··· RECORDS SHOWN

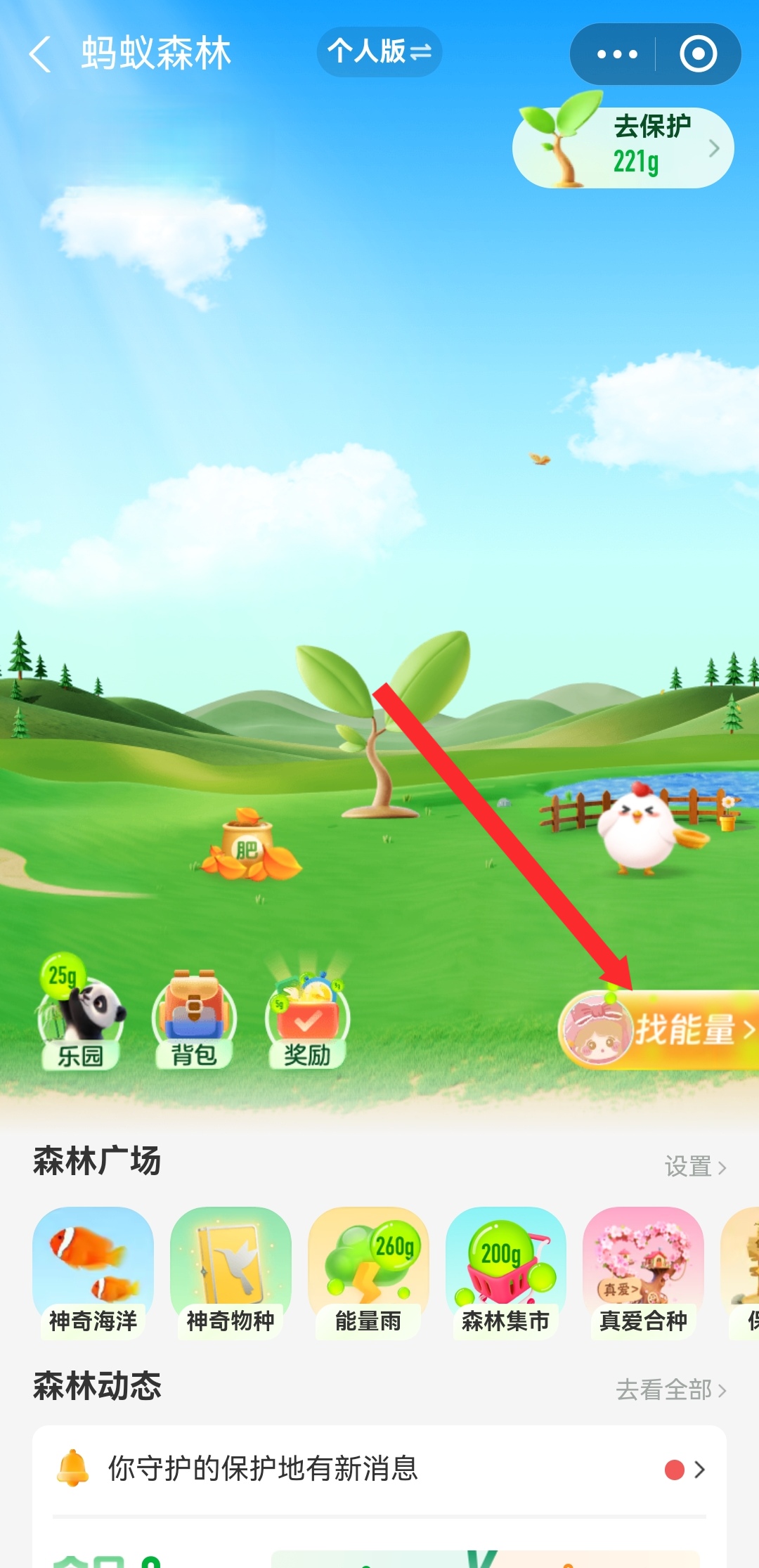 2、在螞蟻森林界面,點(diǎn)擊找能量按鈕,進(jìn)入好友的螞蟻森林。
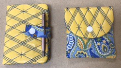 Tired of digging through your purse every time you need something? Get organized with these handy purse accessories! This notebook measures 4.5 by 3.5 inches, fits easily in your purse, and is completely done in the embroidery hoop. There is even a place to hold your pen! The matching purse pouch is a handy little “wallet” that keeps small items like business cards, emery boards, clippers, and more neatly arranged inside your purse. What are you waiting for? Sign up today and get that purse organized!
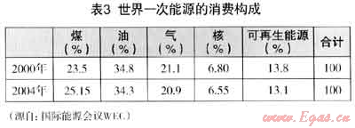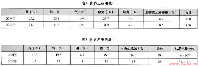 (1) 世界一次能源的消費構(gòu)成、世界工業(yè)用能構(gòu)成和世界發(fā)電用能構(gòu)成可見表3、表4、表5
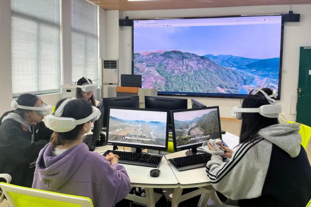 学生在虚拟实践中心操作VR眼镜
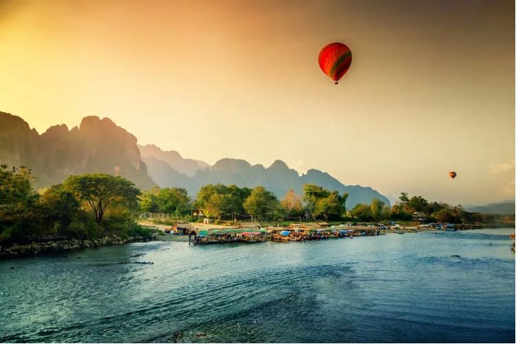 第2天万象--万荣,凯旋门--塔銮寺--南松河长尾船-蓝色泻湖--坦普坎溶洞--打卡热气球基地
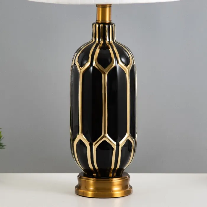 Эта настольная лампа в черно-золотом исполнении станет стильным акцентом в вашем интерьере. Высота 55 см и элегантные линии делают её идеальным выбором для спальни, гостиной или кабинета. Лампа создаст атмосферу уюта и комфорта, освещая пространство мягким светом.
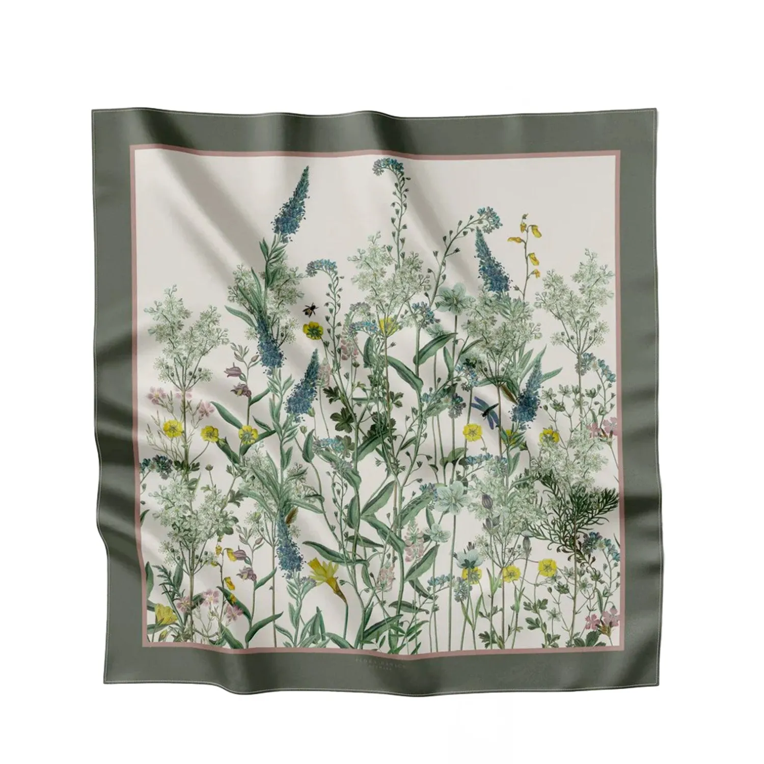 Tørklæde, Wild Bloom, i 100% silke twill fra Flora Danica. Tørklædet er et levende silkeportræt af den vilde danske flora. Inspireret af de originale Flora Danica-illustrationer fremstår tørklædet som et botanisk herbarium i fuldt flor – med fine sommerblomster, summende insekter og et rigt farvespil i grønt, gult, blå og rosa.
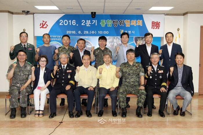 29일 경기 광명시의회 나상성 의장은 시청 중회의실에서 '2016년 2분기 통합방위협의회'를 진행했다. 사진은 나 의장(앞줄 오른쪽에서 네 번째)이 광명시 통합방위협의회 위원들과 기념촬영을 하는 모습.(사진제공=광명시의회)
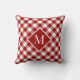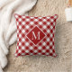 Red White Gingham Check Pattern Chic Monogram Throw Pillow
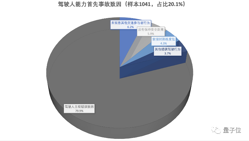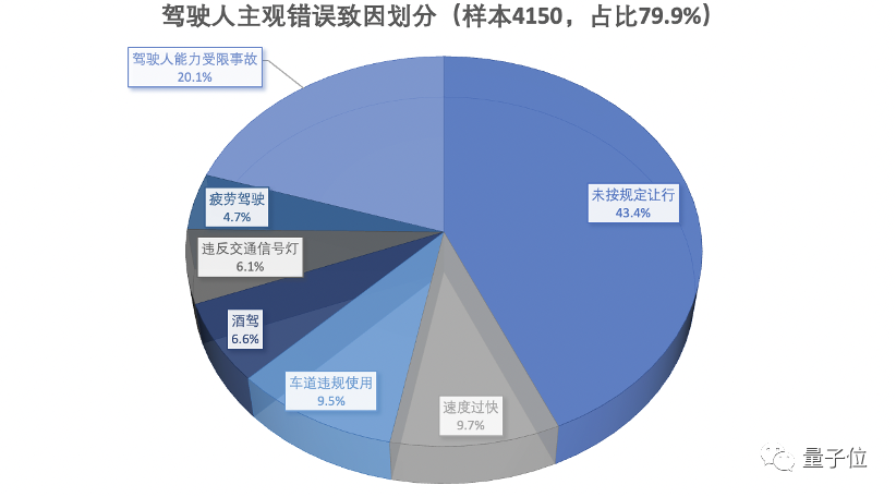 主观错误,比如抢行、超速、酒驾、疲劳驾驶等等,占样本总数的79.9%。
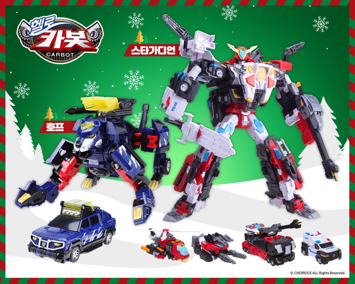 회사 측은 “매년 크리스마스 시즌에는 최고의 완구를 선보여 왔고, 이에 해당하는 스타가디언은 4개의 카봇이 최고의 팀워크를 자랑하는 훈훈한 대형 합체물”이라며 “크리스마스 선물로 단품을 고려한다면 SUV에서 호랑이로 변신하고, 재미있는 기믹을 갖춘 호프를 추천한다”고 했다.
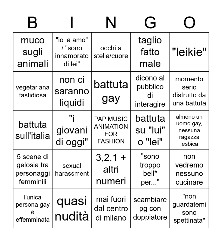This bingo card has a free space and 24 words: sexual harassment, quasi nudità, battuta gay, l'unica persona gay è effemminata, "leikie", muco sugli animali, vegetariana fastidiosa, "io la amo" / "sono innamorato di lei", battuta su "lui" o "lei", 3,2,1 + altri numeri, dicono al pubblico di interagire, battuta sull'italia, "sono troppo bell* per...", non vedremo nessuno cucinare, non ci saranno liquidi, scambiare pg con doppiatore, almeno un uomo gay, nessuna ragazza lesbica, occhi a stella/cuore, momento serio distrutto da una battuta, "i giovani di oggi", "non guardatemi sono spettinata", 5 scene di gelosia tra personaggi femminili, taglio fatto male and mai fuori dal centro di milano.
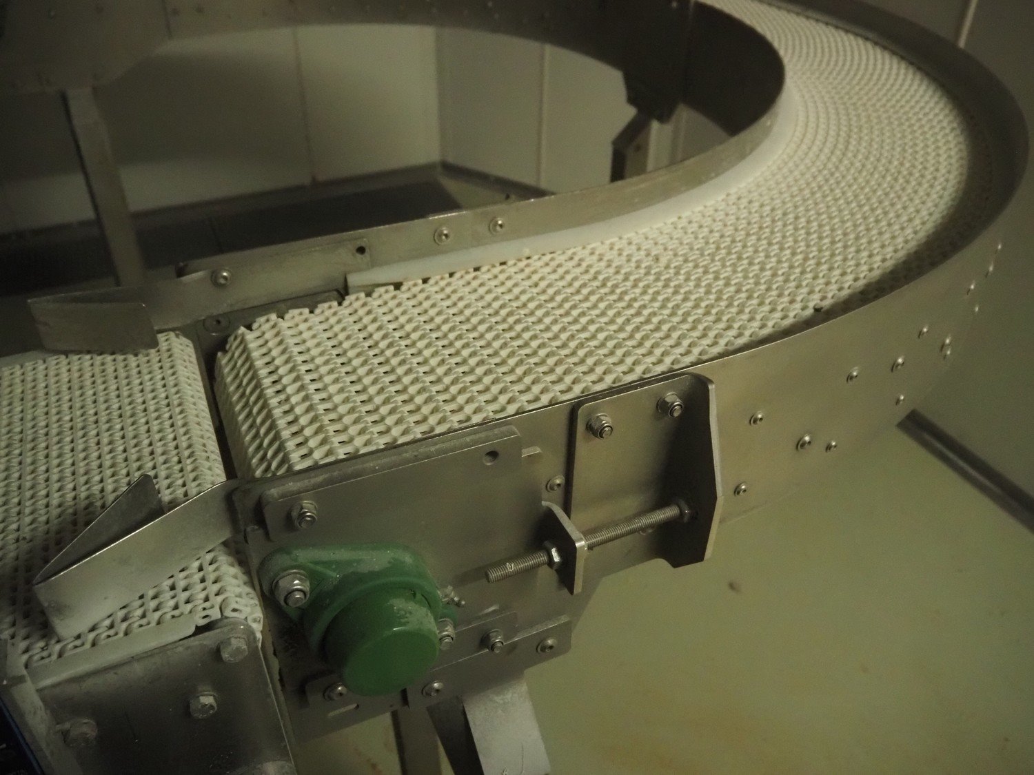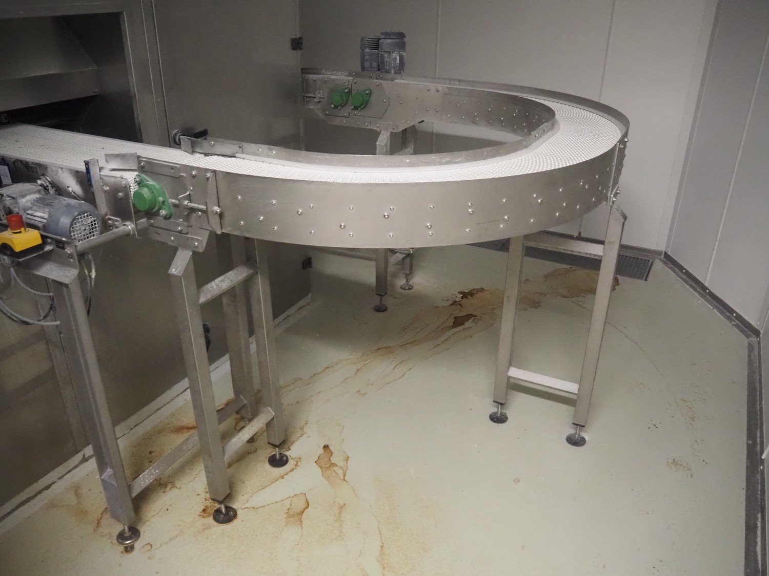 180° curve conveyor, plastic mesh belt, belt width: 240 mm, total dimensions: 2000 mm x 1150 mm x 1300 mm. Kavel locatie: Schultetusstraße 37, 17153 Stavenhagen, Duitsland
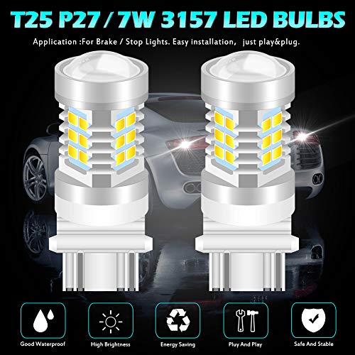 ★ 【3157 3155 3157A Lampadine a LED】 (Confezione da 2 lampadine) Ogni lampadina ha 21 chip ad alta potenza 2835 LED, capacità massima 80W, funziona a 10,5 W, 6500K xenon bianco, 2000 Lumens Output (1000 Lms per bulbo) estremamente luminoso, molto più luminoso di lampadine alogene. Durata della vita: 50.000 ore, tensione operativa: 12-24 V, lumen alti e estremamente luminosi.

······

## DESCRIPTION OF THE TASK:
Everything in the listing above is to be given again exactly, apart from the pictures.

## OUTPUT OF THE TASK:
 2、在螞蟻森林界面,點(diǎn)擊找能量按鈕,進(jìn)入好友的螞蟻森林。
 Tired of digging through your purse every time you need something? Get organized with these handy purse accessories! This notebook measures 4.5 by 3.5 inches, fits easily in your purse, and is completely done in the embroidery hoop. There is even a place to hold your pen! The matching purse pouch is a handy little “wallet” that keeps small items like business cards, emery boards, clippers, and more neatly arranged inside your purse. What are you waiting for? Sign up today and get that purse organized!
 (1) 世界一次能源的消費構(gòu)成、世界工業(yè)用能構(gòu)成和世界發(fā)電用能構(gòu)成可見表3、表4、表5
 学生在虚拟实践中心操作VR眼镜
 第2天万象--万荣,凯旋门--塔銮寺--南松河长尾船-蓝色泻湖--坦普坎溶洞--打卡热气球基地
 Эта настольная лампа в черно-золотом исполнении станет стильным акцентом в вашем интерьере. Высота 55 см и элегантные линии делают её идеальным выбором для спальни, гостиной или кабинета. Лампа создаст атмосферу уюта и комфорта, освещая пространство мягким светом.
 Tørklæde, Wild Bloom, i 100% silke twill fra Flora Danica. Tørklædet er et levende silkeportræt af den vilde danske flora. Inspireret af de originale Flora Danica-illustrationer fremstår tørklædet som et botanisk herbarium i fuldt flor – med fine sommerblomster, summende insekter og et rigt farvespil i grønt, gult, blå og rosa.
 29일 경기 광명시의회 나상성 의장은 시청 중회의실에서 '2016년 2분기 통합방위협의회'를 진행했다. 사진은 나 의장(앞줄 오른쪽에서 네 번째)이 광명시 통합방위협의회 위원들과 기념촬영을 하는 모습.(사진제공=광명시의회)
 Red White Gingham Check Pattern Chic Monogram Throw Pillow
 主观错误,比如抢行、超速、酒驾、疲劳驾驶等等,占样本总数的79.9%。
 회사 측은 “매년 크리스마스 시즌에는 최고의 완구를 선보여 왔고, 이에 해당하는 스타가디언은 4개의 카봇이 최고의 팀워크를 자랑하는 훈훈한 대형 합체물”이라며 “크리스마스 선물로 단품을 고려한다면 SUV에서 호랑이로 변신하고, 재미있는 기믹을 갖춘 호프를 추천한다”고 했다.
This bingo card has a free space and 24 words: sexual harassment, quasi nudità, battuta gay, l'unica persona gay è effemminata, "leikie", muco sugli animali, vegetariana fastidiosa, "io la amo" / "sono innamorato di lei", battuta su "lui" o "lei", 3,2,1 + altri numeri, dicono al pubblico di interagire, battuta sull'italia, "sono troppo bell* per...", non vedremo nessuno cucinare, non ci saranno liquidi, scambiare pg con doppiatore, almeno un uomo gay, nessuna ragazza lesbica, occhi a stella/cuore, momento serio distrutto da una battuta, "i giovani di oggi", "non guardatemi sono spettinata", 5 scene di gelosia tra personaggi femminili, taglio fatto male and mai fuori dal centro di milano.
 180° curve conveyor, plastic mesh belt, belt width: 240 mm, total dimensions: 2000 mm x 1150 mm x 1300 mm. Kavel locatie: Schultetusstraße 37, 17153 Stavenhagen, Duitsland
 ★ 【3157 3155 3157A Lampadine a LED】 (Confezione da 2 lampadine) Ogni lampadina ha 21 chip ad alta potenza 2835 LED, capacità massima 80W, funziona a 10,5 W, 6500K xenon bianco, 2000 Lumens Output (1000 Lms per bulbo) estremamente luminoso, molto più luminoso di lampadine alogene. Durata della vita: 50.000 ore, tensione operativa: 12-24 V, lumen alti e estremamente luminosi.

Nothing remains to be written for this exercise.